Bitterness aside, I appreciate the impetus behind both new series, which I sampled this weekend in my ongoing effort to see and read everything fairy-tale related. Once Upon A Time imagines that the traditional fairy tale characters, through a very complicated series of events, have become stuck in a small town in Maine and need to be saved by the long-lost daughter of Snow White, who in turn has a long-lost child, a son, who was adopted by the Evil Queen, who doesn't know that she's the Evil Queen but is evil nonetheless. Really, don't ask for clarification. It would only make things worse.

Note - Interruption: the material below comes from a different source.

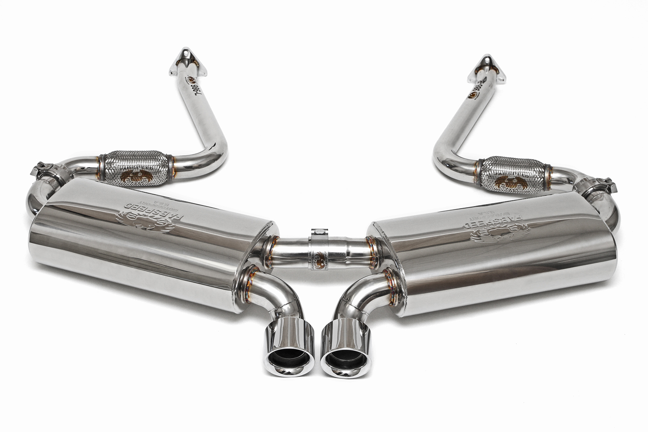 Dramatically improve sports car sound and throttle response with upgraded Maxflo mufflers and inlet tubing. Includes Deluxe Bolt-On Tips in Polished Chrome, Black Chrome, or Carrera GT Style Tips. Please specify when ordering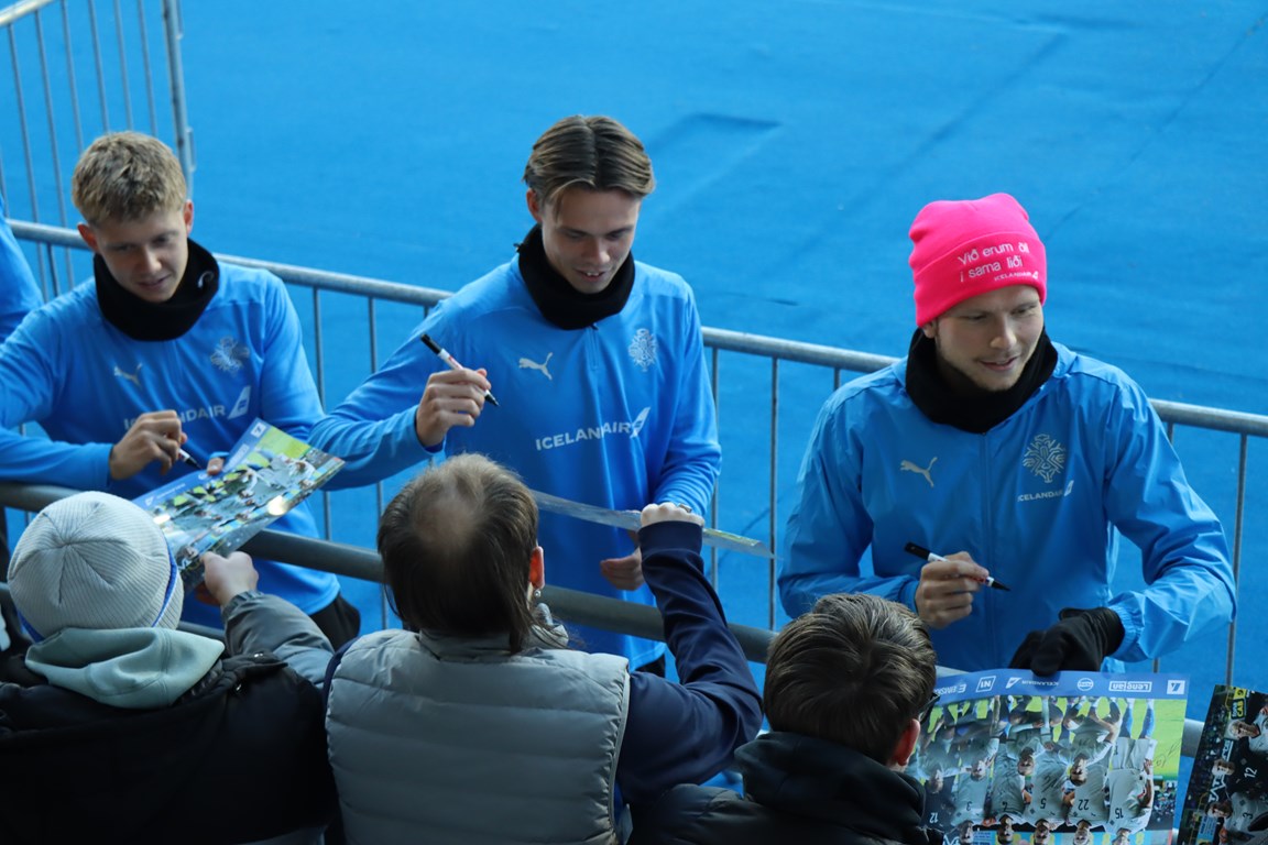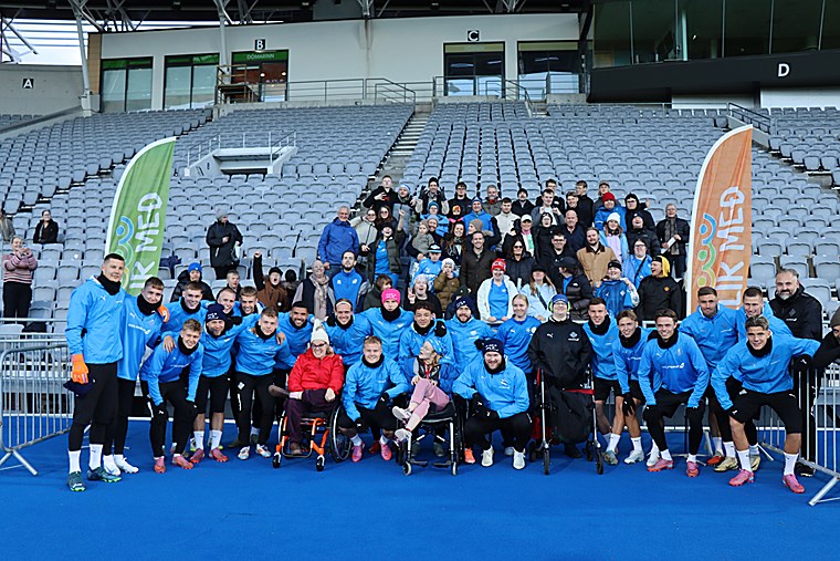 Strákarnir okkar fengu góða gesti á fyrstu æfinguna – um 40 knattspyrnuiðkendur með fötlun og aðstandendur þeirra kíktu í heimsókn og heilsuðu upp á leikmenn og þjálfara.

This is standard fairy tale adaptation fare - what if we make all the fairy tale characters real and mix them up with normal people? - but just imagine for a minute the reverse. What if, instead of having the fairy tale characters think they're regular people, we had regular people thinking they were fairy tale characters? That might be a bit more psychologically interesting. And it would also address the problem our society has of making us believe that our lives will turn out happily ever after and that we'll all become princesses - a problem that lies at the root of stuff like Once Upon A Time.

Grimm is a little less guilty of this kind of wishful thinking, and I actually thought the premise was kind of cool - a cop learns he is the last of the Grimms and must fight the monsters his ancestors wrote about, who are all in disguise as humans. It might be my weakness for crime shows, but I had a little hope for this one. Unfortunately, instead of fantasy and crime drama combining into one glorious whole, I got a contrived script, complete lack of psychological depth, and very poor acting. Blargh.

So to cleanse my palatte, I watched this for the second or third time, and it was brilliant as ever:

Maybe I'll write an in-depth review of it in another post, but for now, I'm just basking in its wonderfullness.